DOSB-Presse Nr. 25 / 22. Juni 2010
Der Artikel- und Informationsdienst des Deutschen Olympischen Sportbundes (DOSB)

1971/II: Genscher: "Wir wollen Partner - keine Zuwendungsempfänger"
Sportpolitische Dokumente aus sieben Jahrzehnten Nachkriegsgeschichte (Teil 82)

Eine Serie von Friedrich Mevert


Vor allem das selbstbewusstere Auftreten des Sports gegenüber dem Staat betrachtete Bundesinnenminister Hans-Dietrich Genscher als einen wesentlichen Entwicklungspunkt für den Deutschen Sportbund im vorolympischen Jahr.
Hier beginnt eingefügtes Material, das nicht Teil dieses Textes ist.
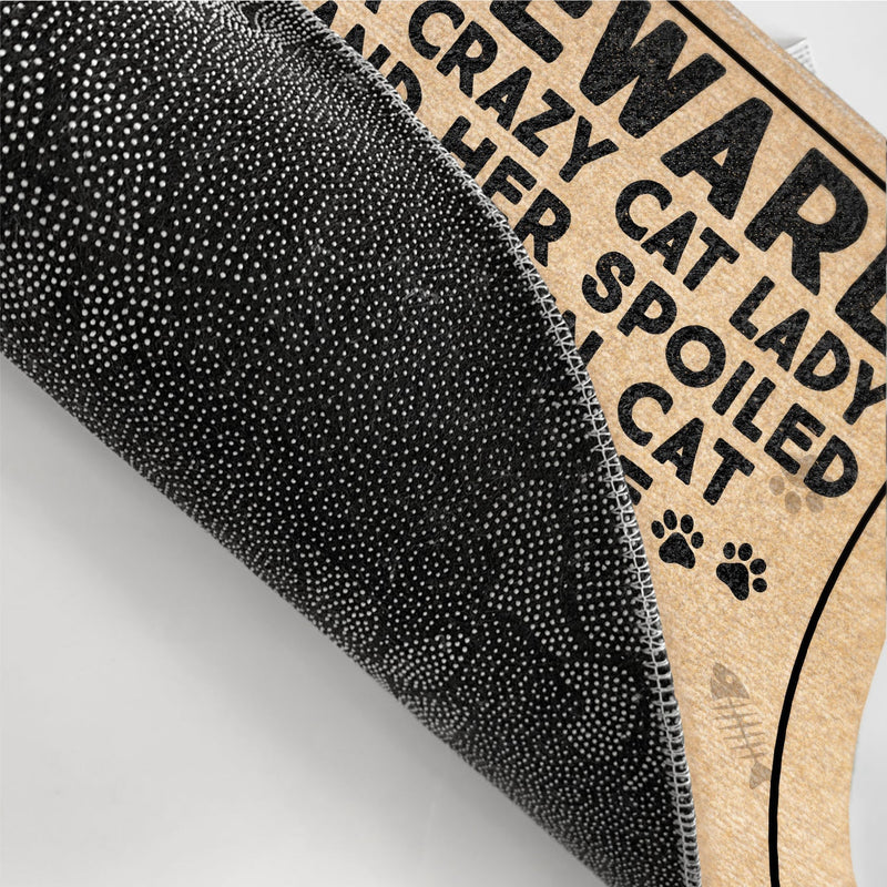 Beware A Crazy Cat Lady & Her Spoiled Rotten Cats Live Here Funny Cartoon Cat - Gift For Cat Lovers - Personalized Doormat

In einem Interview im April 1971 mit dem Chefredakteur des Sportinformationsdienstes, Alfons Gerz, erklärte der damalige "Sportminister": "Wir wollen Partner, die aus eigenem Recht Ansprüche stellen, und keine Zuwendungsempfänger".
Der Minister äußerte sich in diesem Gespräch u. a. über Grenzen und Chancen der Deutschen Sportkonferenz, zur Frage des staatlichen Einflusses auf den Sport, zur Bundeskonzeption für den Sport in Schule und Hochschule und zur Mitverantwortung für die Durchführung der Fußball-Weltmeisterschaft 1974 "aus dem Gesichtspunkt der gesamtstaatlichen Repräsentation". Besonders bemerkenswert aber war seine Stellungnahme zu Aufgaben und Zukunft der Stiftung Deutsche Sporthilfe, die auch nach 1972 tatkräftig unterstützt werden müsse.



Das damalige Interview im Wortlaut:

FRAGE: "Herr Minister, Sie wünschten sich bei Ihrer Amtsübernahme einen aktionsfähigeren und politisch selbstbewussteren Deutschen Sportbund. Hat die Entwicklung seit dem Mainzer DSB-Bundestag 1970 Ihren Vorstellungen entsprochen?"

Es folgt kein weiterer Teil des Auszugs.